Don’t Ask Me
- Intermezzo -
'Write what you know.'
The problem is that writing isn’t interesting until you do the complete opposite. But I only found out once I followed this advice.
After I had done it enough times, I came to the realization that what I knew wasn’t worth writing about. The reason it took so long was how certain I felt while writing this way.
Below the surface of this advice, there’s the sense that you're supposed to know what you're doing. The only thing I came to know was how much of a know-it-all I had become.
I didn’t like this.
This feeling of certainty was something I was trying to avoid, since it had always done more harm than good. So the only way to get rid of it was to flip it on its head:
'Write what you don’t know.'
Just how does one do this?
Well, I can only tell you what worked for me.
I read my way to an answer, not that I was looking for one. But I found it, after I had gone through enough writers who wrote this way.

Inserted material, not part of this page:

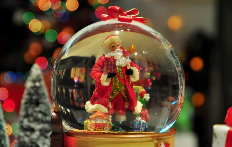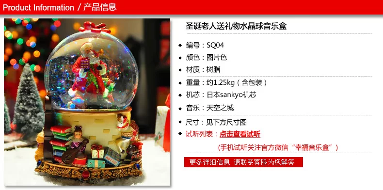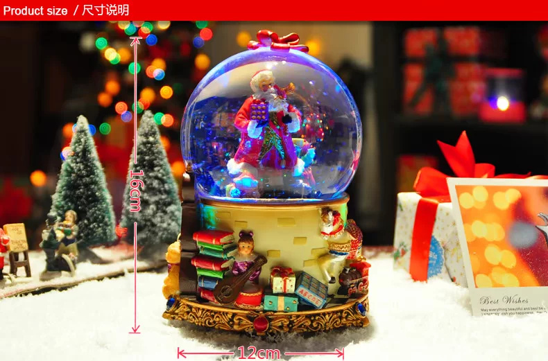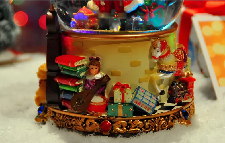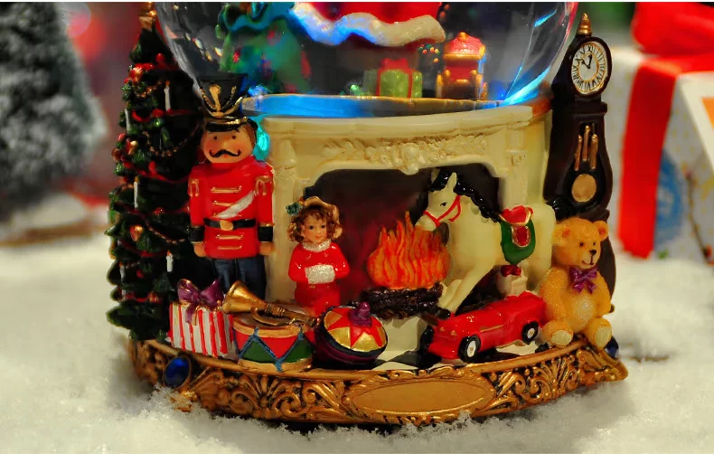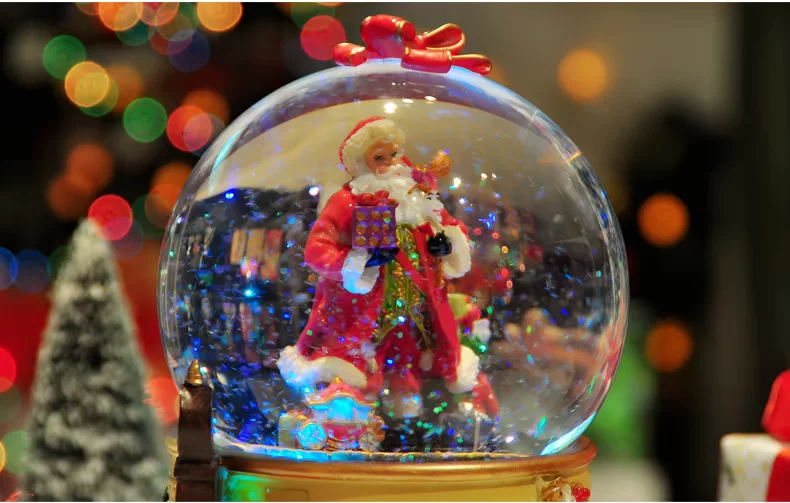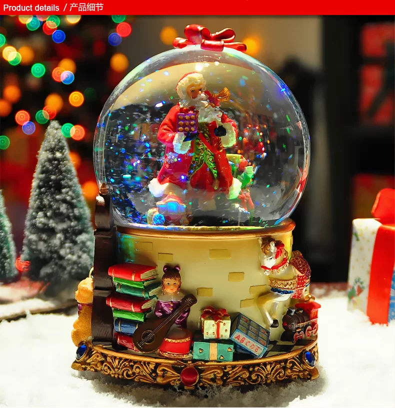 水晶球里面 雪花亮片 加上七彩灯光的点缀 圣诞老人看起来更加亲切!

I started to write about my own experiences–what I had been through, the things that happened to me, the stuff I remembered.

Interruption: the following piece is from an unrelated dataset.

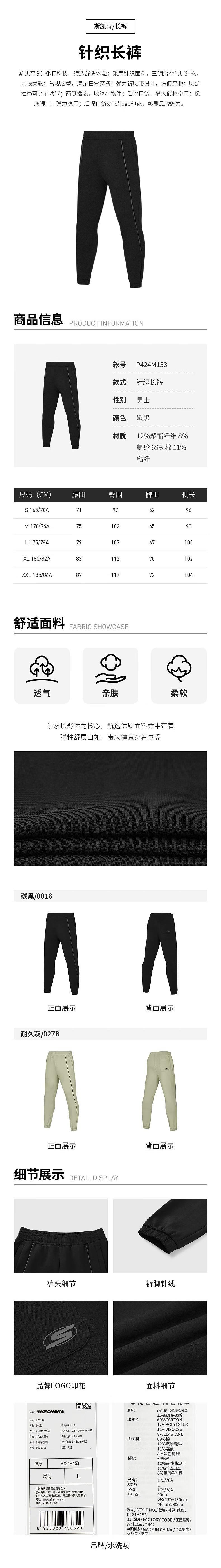 Skechers斯凯奇 男针织长裤 P424M153-027B

I didn’t understand what any of it meant.
Yet when the meaning became clear, I found there was only more that I didn’t know.

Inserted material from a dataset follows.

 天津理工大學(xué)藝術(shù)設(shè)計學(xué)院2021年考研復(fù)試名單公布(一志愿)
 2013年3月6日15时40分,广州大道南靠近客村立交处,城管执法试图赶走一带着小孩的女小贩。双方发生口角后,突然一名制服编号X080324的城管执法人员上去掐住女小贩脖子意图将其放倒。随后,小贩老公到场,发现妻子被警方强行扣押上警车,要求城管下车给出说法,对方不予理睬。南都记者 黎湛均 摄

I guess that’s why I find it hard to stop–what I know is extremely limited and what I don’t know is not.
I’m not at all confident with what I end up writing and I used to think that was bad. Because if I was so sure of things, then the writing would never surprise me.
That’s when it’s the most fun, when you end up with something you never planned on making; you made it because you didn’t plan on it.
The question isn’t if this means my writing is any good, but whether or not I care in the first place.
So, what’s the answer to that?
Don’t ask me, I have no idea what I’m doing.